» **Task instructions**: You are asked to copy the entire listing exactly, apart from its pictures.

START Data block

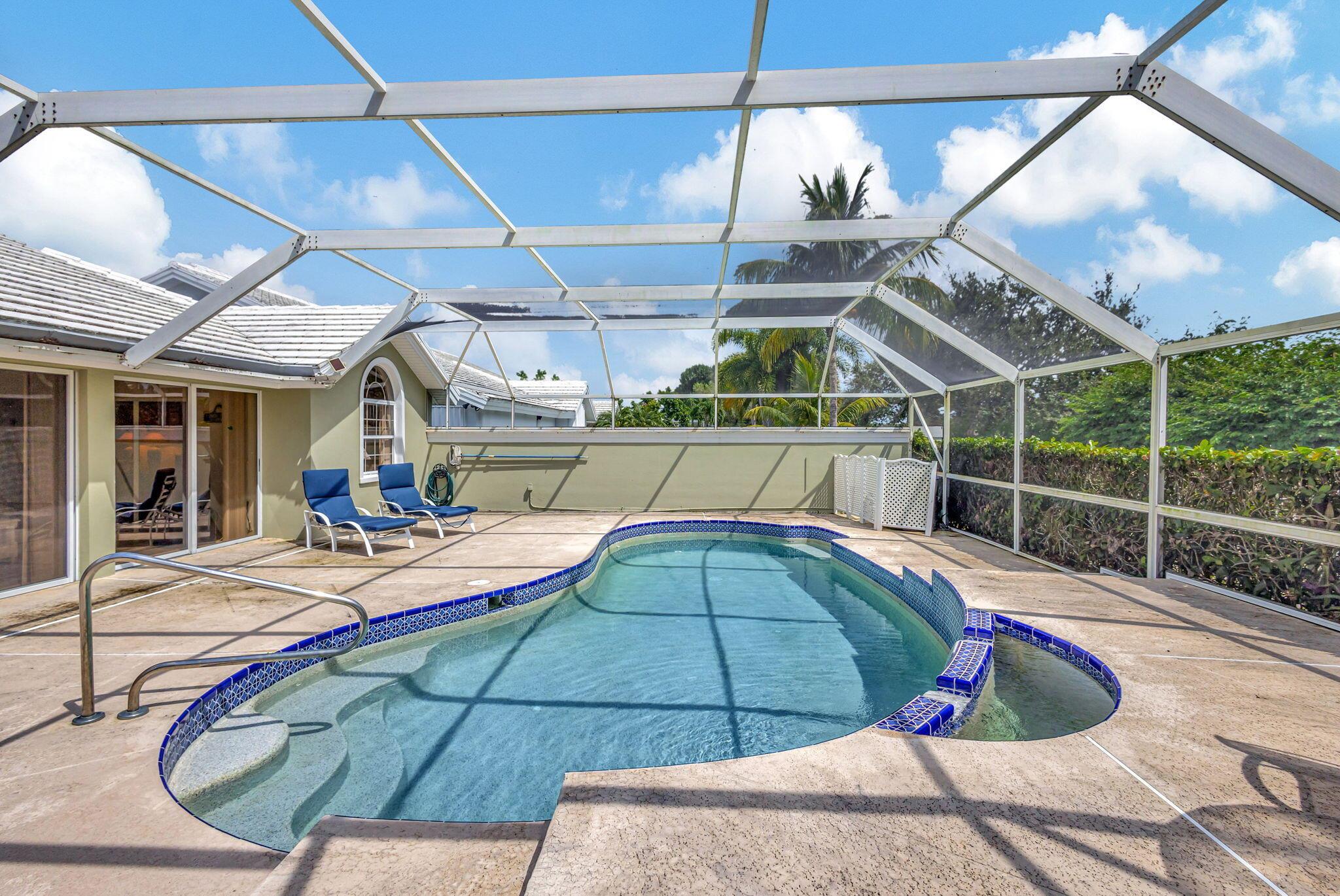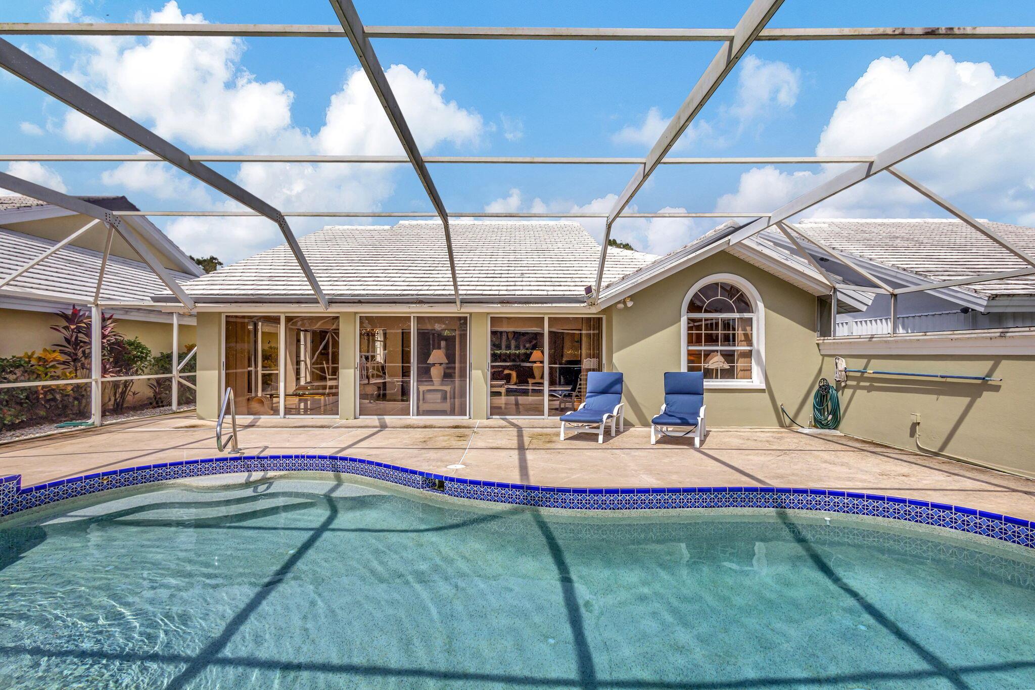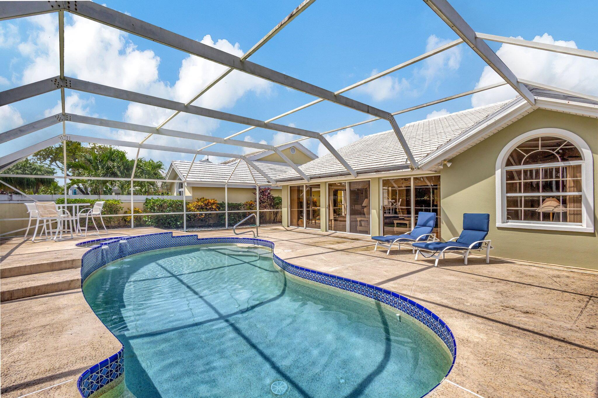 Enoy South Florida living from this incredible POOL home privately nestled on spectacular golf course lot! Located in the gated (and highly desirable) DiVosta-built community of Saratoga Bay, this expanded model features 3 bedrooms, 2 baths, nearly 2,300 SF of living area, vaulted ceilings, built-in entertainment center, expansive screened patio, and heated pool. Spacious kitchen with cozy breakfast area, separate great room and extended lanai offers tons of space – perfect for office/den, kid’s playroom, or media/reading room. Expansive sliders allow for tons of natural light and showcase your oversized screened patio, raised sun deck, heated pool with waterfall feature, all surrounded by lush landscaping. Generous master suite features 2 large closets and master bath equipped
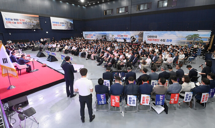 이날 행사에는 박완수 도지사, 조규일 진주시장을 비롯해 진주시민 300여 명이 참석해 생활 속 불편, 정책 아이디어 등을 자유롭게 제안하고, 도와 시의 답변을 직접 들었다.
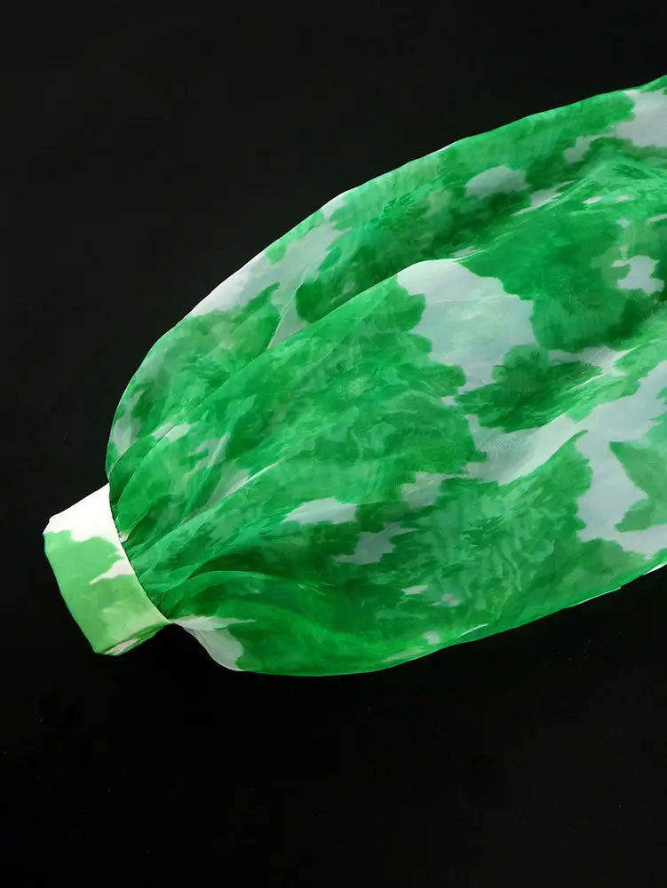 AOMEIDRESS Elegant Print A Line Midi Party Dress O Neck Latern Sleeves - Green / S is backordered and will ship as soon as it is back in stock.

END Data block

» **Task response**:
 Enoy South Florida living from this incredible POOL home privately nestled on spectacular golf course lot! Located in the gated (and highly desirable) DiVosta-built community of Saratoga Bay, this expanded model features 3 bedrooms, 2 baths, nearly 2,300 SF of living area, vaulted ceilings, built-in entertainment center, expansive screened patio, and heated pool. Spacious kitchen with cozy breakfast area, separate great room and extended lanai offers tons of space – perfect for office/den, kid’s playroom, or media/reading room. Expansive sliders allow for tons of natural light and showcase your oversized screened patio, raised sun deck, heated pool with waterfall feature, all surrounded by lush landscaping. Generous master suite features 2 large closets and master bath equipped
 이날 행사에는 박완수 도지사, 조규일 진주시장을 비롯해 진주시민 300여 명이 참석해 생활 속 불편, 정책 아이디어 등을 자유롭게 제안하고, 도와 시의 답변을 직접 들었다.
 AOMEIDRESS Elegant Print A Line Midi Party Dress O Neck Latern Sleeves - Green / S is backordered and will ship as soon as it is back in stock.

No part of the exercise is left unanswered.